Helping Relationships

“Connection to others was an essential part of all the healing journeys.” Humans are social creatures, and even the most introverted of us need close relationships. Friends and family add meaning and value to life and help support us, in good times and bad. When we experience relational trauma, relationships can feel scary, but reestablishing safety and trust in relationships is where the healing happens. (To be clear, we do not mean reestablishing safety and trust with abusers, but rather finding other healing relationships.) “When safety and trust had been established, people were able to connect with helpers. The nature of the behaviours of helpers that fostered healing ranged from small acts of kindness to unconditional love.”

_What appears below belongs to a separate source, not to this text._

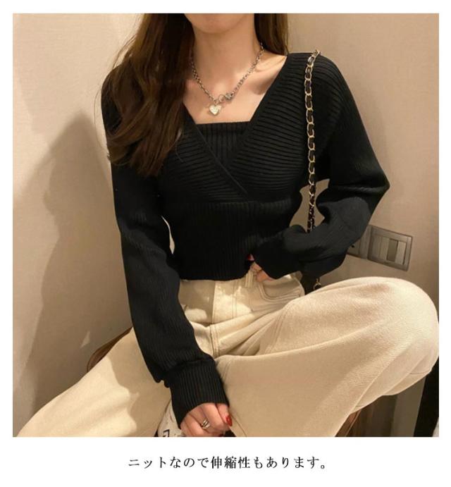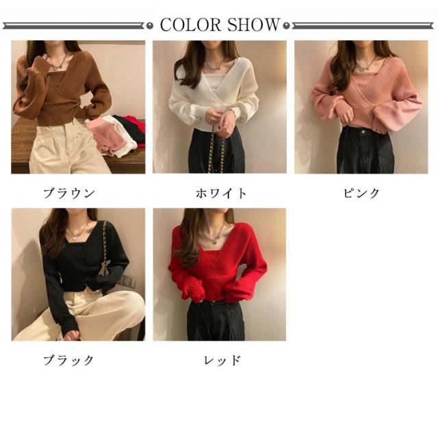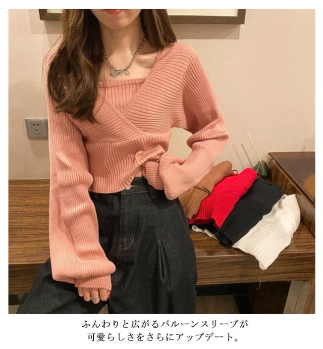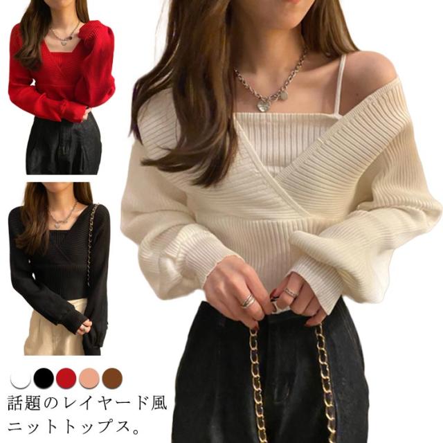 レイヤード風 ニットトップス レディース 長袖 セーター ニット プルオーバー バルーンスリーブ きれいめ トップス 重ね着風 ニットソー 伸縮性 おしゃれ 可愛い 送料無料

  • “Moving from being wounded, through suffering to healing, is possible. It is facilitated by developing safe, trusting relationships and by positive reframing that moves through the weight of responsibility to the ability to respond.”
  • “Relationships with health professionals were among these but were not necessarily any more important to the healing journey than other kinds of helpers, which included family members, friends, spirituality and their God, pets, support groups, administrators, case workers and supervisors.”


Healing probably means different things to different people, but one definition that emerged from the study is: “The re-establishment of a sense of integrity and wholeness.” Healing was an emergent property that resulted from each individuals’ complex healing journey, a result of bridged connections between resources and relationships. Healing, in this sense, does not mean cured—none of the study participants were cured of their ailments—”but all developed a sense of integrity and wholeness despite ongoing pain or other symptoms.” In varying degrees, “they were able to transcend their suffering and in some sense to flourish.” When we begin to heal, we find increased capacity for hope, renewed motivation to help others, and are more able to accept ourselves as we are.


Suffering is the ongoing pain from wounding. There is debate about whether or not one actually needs to experience suffering on the path to healing.


Wounding happens when we experience physical or emotional harm. It can stem from chronic illness or by physical or psychological trauma for which we do not have the tools to cope, or a combination of those factors. “The degree and quality of suffering experienced by each individual is framed by contextual factors that include personal characteristics, timing of their initial or ongoing wounding in the developmental life cycle and prior and current relationships.”